> **What this task involves**
Drop every picture and copy exactly the lines from the one with "12 de julio." through the last line of the listing below.
────────────────────
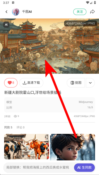 3、在插畫詳情頁,查看插畫的尺寸、創(chuàng)作模型等信息。
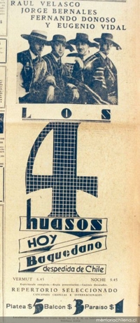 12 de julio. Debut de Los Cuatro Huasos con el nombre de Cuarteto Criollo Chileno, en el Teatro Victoria, de Santiago
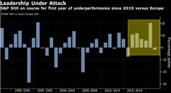 美国股市多年来一直位居世界榜首,先是科技股的强大帮助美股在疫情中鹤立鸡群,然后是疫苗接种领跑带来了经济重新开放的乐观情绪。“美国优先交易”帮助标普500指数连续5年跑赢欧洲基准指数,为历史最长纪录。
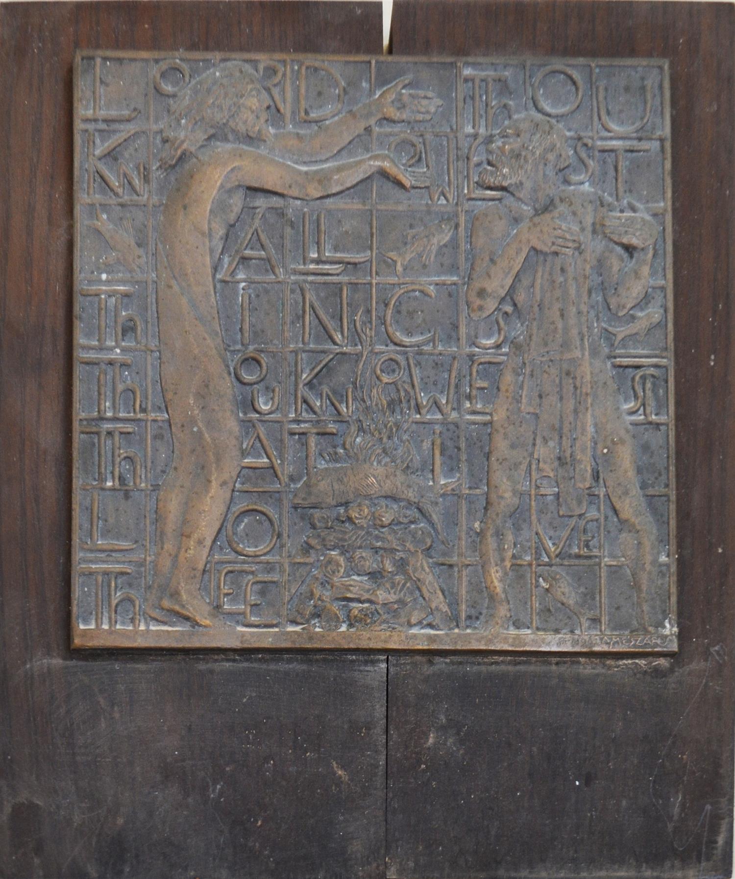 ANDOR MESZAROS, UNTITLED, PLAQUE ON WOODEN BACKING BOARD (SPLIT), 20.5 X 20.5CM (PLAQUE ONLY)
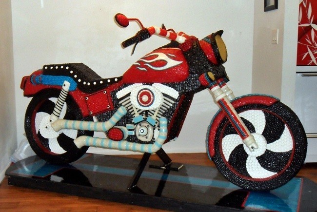Así hasta juntar un total de 20.000 elementos que forman una custom que, potencia no tendrá pero calorías las suficientes para ganar cualquier competición que se precie. El autor, Cristiam Ramos, es un especialista en el trabajo con golosinas ya que realiza retratos de celebridades con la misma técnica.
────────────────────
> **Answer space**
 12 de julio. Debut de Los Cuatro Huasos con el nombre de Cuarteto Criollo Chileno, en el Teatro Victoria, de Santiago
 美国股市多年来一直位居世界榜首,先是科技股的强大帮助美股在疫情中鹤立鸡群,然后是疫苗接种领跑带来了经济重新开放的乐观情绪。“美国优先交易”帮助标普500指数连续5年跑赢欧洲基准指数,为历史最长纪录。
 ANDOR MESZAROS, UNTITLED, PLAQUE ON WOODEN BACKING BOARD (SPLIT), 20.5 X 20.5CM (PLAQUE ONLY)
Así hasta juntar un total de 20.000 elementos que forman una custom que, potencia no tendrá pero calorías las suficientes para ganar cualquier competición que se precie. El autor, Cristiam Ramos, es un especialista en el trabajo con golosinas ya que realiza retratos de celebridades con la misma técnica.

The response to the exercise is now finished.